针对现有算法难以利用单帧红外图像实现空间邻近目标(CSO)的超分辨问题，提出了一种基于稀疏重构理论的单帧超分辨方法。该方法充分利用了目标在焦平面阵列(FPA)分布的稀疏性以及光学系统点扩展函数(PSF)的结构特性，通过对FPA离散化网格采样构造稀疏量测模型，并将建立的1范数正则化问题转化为二阶锥规划问题求解；然后针对稀疏度过估计的重构结果，采用贝叶斯信息准则(BIC)实现模型选择，最终获得对目标个数和位置的准确估计。多组仿真场景验证了算法的有效性和超分辨能力；相比于已有算法，所提算法不仅提高了分辨正确率和位置估计精度，同时大幅缩减了计算耗时。

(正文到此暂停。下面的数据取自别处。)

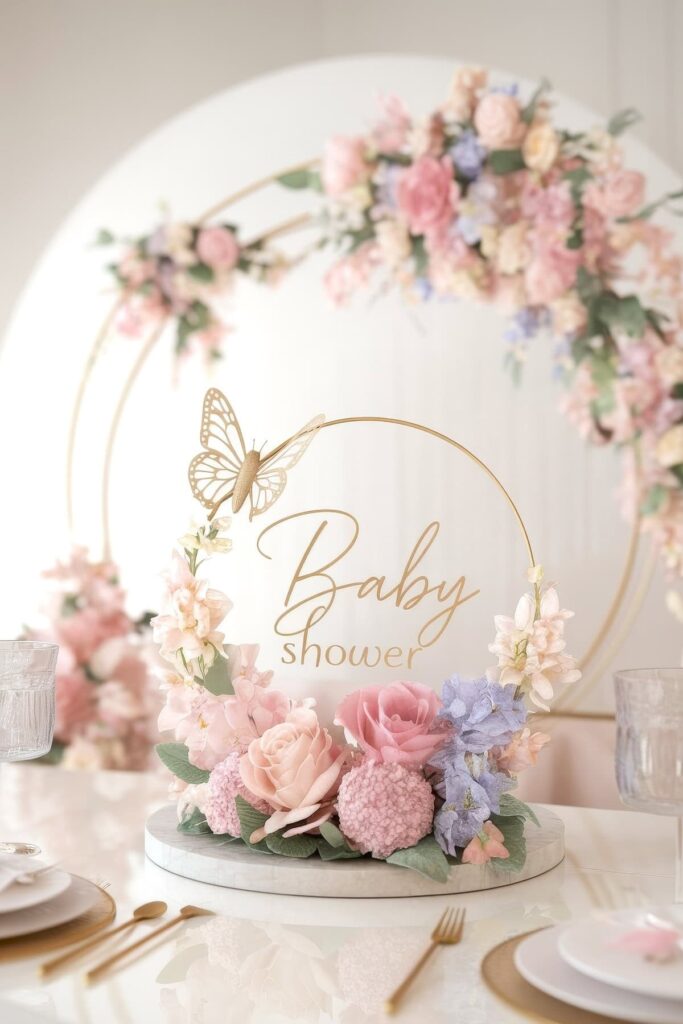 A delicate gold hoop frames the script words “Baby Shower” and is lavishly adorned with a romantic grouping of faux flowers in pastel pinks, lavenders, and blues. A metallic gold butterfly accent sits on the top of the hoop, adding an element of light fantasy.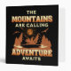 Grunge style rétro illustration extérieure avec "Les montagnes appellent, l'aventure attend" design de texte et décoration de scène de montagne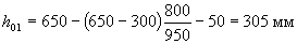 и тогда Определяем высоту сжатой зоны по формуле (4.44), принимая усредненную ширину ребра 85 мм и площадь сжатых свесов равную Асв = (b'f - b)h'f = 635·30 = 19050 мм2, и рабочую высоту ho = 300 - 31 = 269 мм: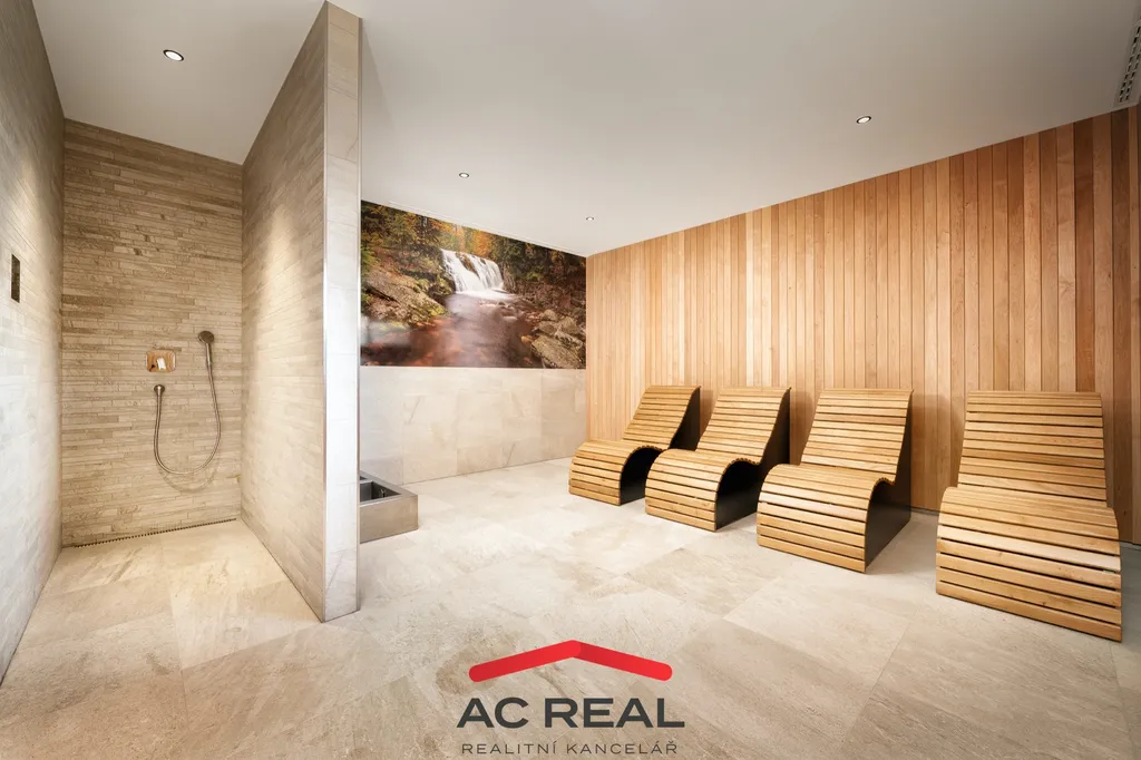 Ve spodním patře apartmánu se nachází jedna ze dvou koupelen, velký obývací pokoj s kuchyňským koutem umístěným v nice s přístupem do lodžie a jedna z ložnic. Do druhého patra se vstupuje po mlynářských schodech (utváří dojem, že jste na chalupě) na otevřenou galerii, ideální relax zóna s možností dalších lůžek, ze které je přístupná druhá koupelna a další 2 ložnice, respektive 3, jen ta třetí je pro skřítky. Součástí tohoto apartmánu je totiž prostor o 54,6 m2 s nižší výškou do stropu, který není započten do celkové podlahové plochy a v půdorysu je označen jako prostor úložný. O váš maximální komfort se postará podlahové topení a rekuperace.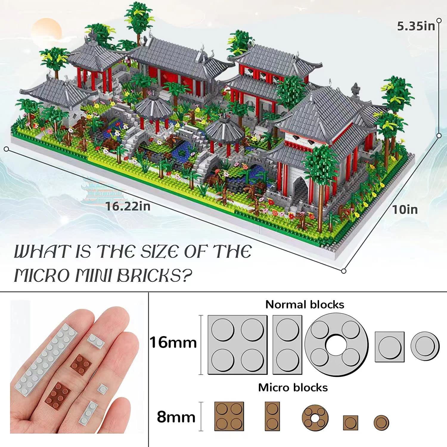 El Jardín Clásico de Suzhou es un icónico edificio en China conocido por su belleza arquitectónica. Con nuestro set de bloques de construcción de micro mini bloques de 3988 piezas, podrás recrear este maravilloso jardín en casa. El set es más desafiante que los bloques de construcción tradicionales, lo que lo convierte en una actividad perfecta para mejorar la paciencia y la destreza de las personas de todas las edades. Fabricado con plástico ABS de alta calidad, el set es seguro y duradero, y cuenta con detalles increíbles a un precio asequible. Con medidas de 5.4 pulgadas de alto, 10 pulgadas de ancho y 16.3 pulgadas de largo, este set es ideal para exhibir en cualquier lugar, desde tu hogar hasta tu oficina. Además, ayuda a mantener a los niños alejados de las pantallas electrónicas y fomenta la creatividad y la concentración. ¡No esperes más y disfruta de este entretenido juego de construcción!

Since the state-of-the-art methods barely have the capability of super-resolving the closely spaced objects (CSOs) using only single frame data, a super-resolution method based on the sparse reconstruction technique is proposed. The proposed method combines the sparsity of the distribution of CSOs on the focal plane array (FPA) and the structure characteristic of the point spread function (PSF) to construct a sparsely represented measurement model by discretizing the image plane with sampling grids. Then the 1-norm regularization problem is efficiently solved by a second order cone programming framework. For the overestimated sparsity after reconstruction, the Bayesian information criterion (BIC) is utilized for the model selection. The estimated number and positions of CSOs are precisely ascertained at last. Several scenes are set to inspect the efficiency and the super-resolution capability of the proposed method. It indicates that the sparse reconstruction-based method outperforms the existing methods in the ratio of correct detection, the precision of position estimation and the computation load.